My volunteering time at CEFROHT has also introduced me to deeper understanding of Agriculture and how human rights-based approach can be used to enhance the livelihoods of the majority poor. Farming being the backbone of Uganda’s economy, is very key to the achievement of sustainable development goals (SDGs) and to the growth of our society. As stated by Thomas Jefferson who said that, “Agriculture is our wisest pursuit, because it will in the end contribute most to real wealth, good morals, and happiness.”

CEFROHT uses the PANTHER principles (Participation, Accountability, Non-Discrimination, Transparency, Human Dignity, Equity and Rule of law). The principles are the hinges holding the economic and social inclusion work in the organization. I now have a deeper understanding that unequal power relations, and exclusion is denying people realization of adequate living rights and keeps them in poverty.
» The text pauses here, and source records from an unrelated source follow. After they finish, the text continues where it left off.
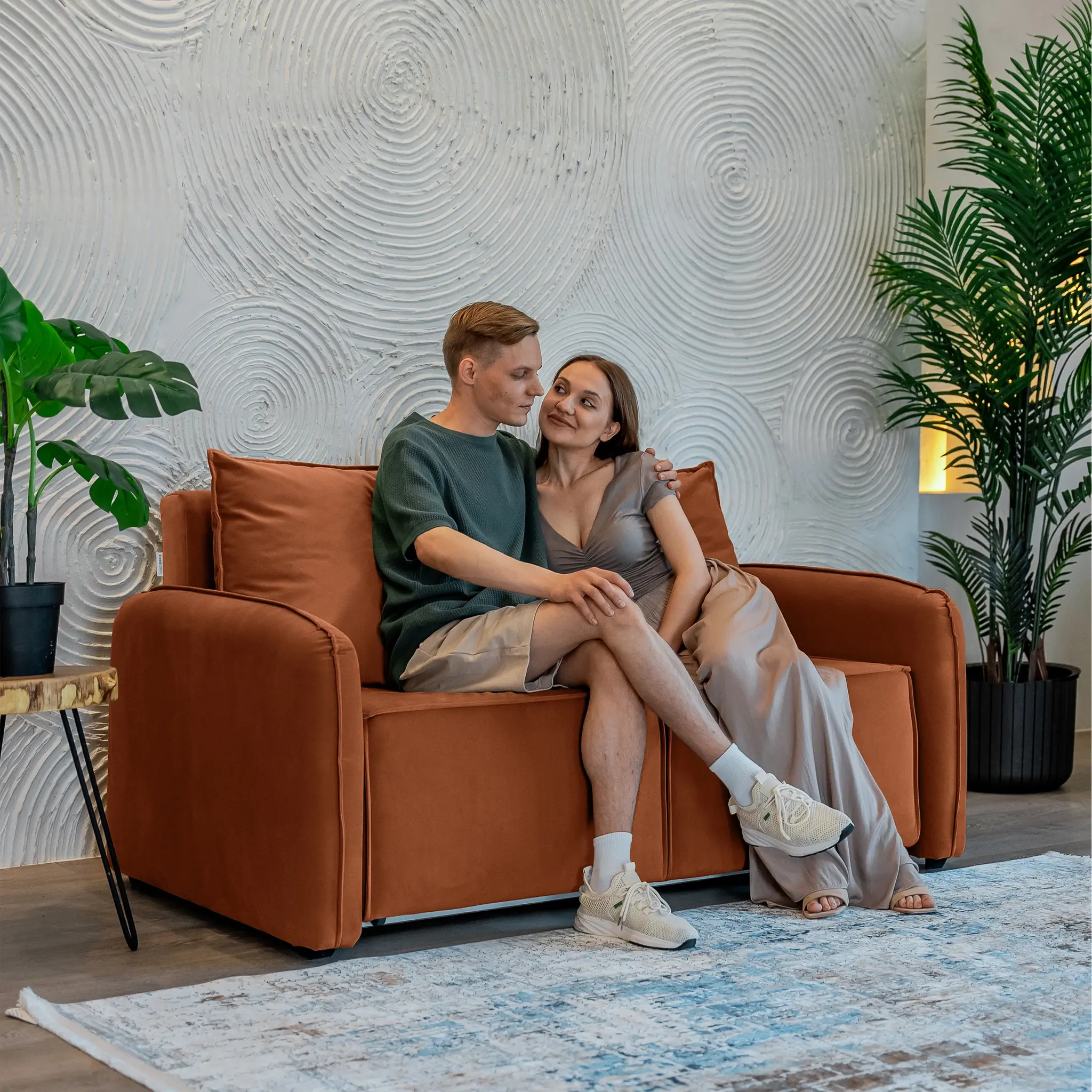КОРСО Диван прямой с банкеткой, терракотовый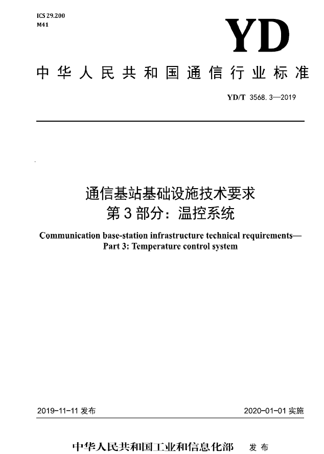 我司參與起草的《通信基站基礎(chǔ)設(shè)施技術(shù)要求 第3部分:溫控系統(tǒng)》(YD/T 3568.3-2019)行業(yè)標(biāo)準(zhǔn)經(jīng)中華人民共和國(guó)工業(yè)和信息化部批準(zhǔn)發(fā)布,已于2020年01月01日實(shí)施。該...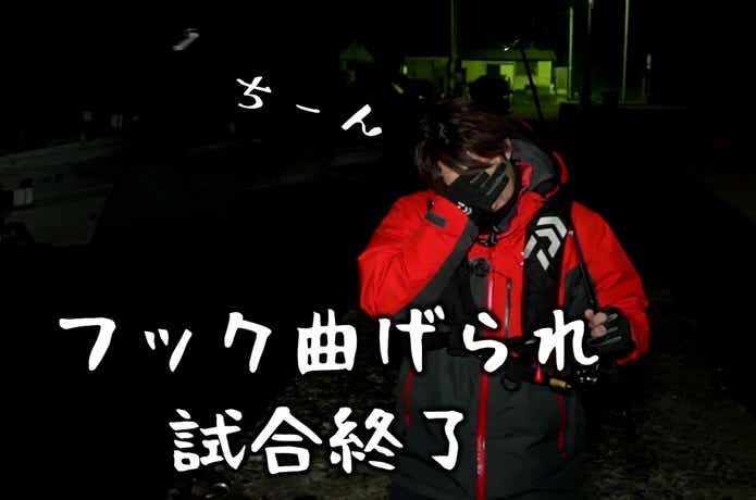 早巻きしていると足元でシーバスが猛烈アタック! が、フックを伸ばされ試合終了。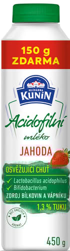 Acidofilní mléko s příchutí jahody. Kysaný mléčný nápoj s nízkým obsahem tuku.

Volunteering time at CEFROHT is a space for learning team work. I saw myself being involved in all activities in the organization. This gave me opportunities to learn from senior staff members. The staff members work very hard and continues to contribute to the growth of CEFROHT and community at large. This is why they never fail to promote Adequate Living Rights of women children, orphans, Persons living With Disabilities and youths as well as food justice, economic justice and climate justice.

CEFROHT is where I spend my time with other staff members especially from Monday to Friday and sometimes out on the field to carryout activities like training farmers on agroecology as our new project. Moments like this represents the real positive work CEFROHT do day in day out to help vulnerable communities to improve food, economic and climate justice.

Although there were some challenges that I encountered, I was able to cope up with the situation in the hard-to-reach communities that we visited. I would like to truly thank everyone at CEFROHT for allowing me to be part of this family, all of whom share the same vision of promoting the realization of the right to adequate living for everyone specifically the vulnerable communities.

Paul Chatfield once said, “Agriculture is the noblest of all alchemy; for it turns earth, and even manure, into gold, conferring upon its cultivator the additional reward of health.”

In a nutshell, I will work together with the entire team at CEFROHT to promote social justice in food, agriculture and investment systems through strategic litigation, research, advocacy and community empowerment. And I will forever be indebted.

Social Justice for Adequate Living Rights.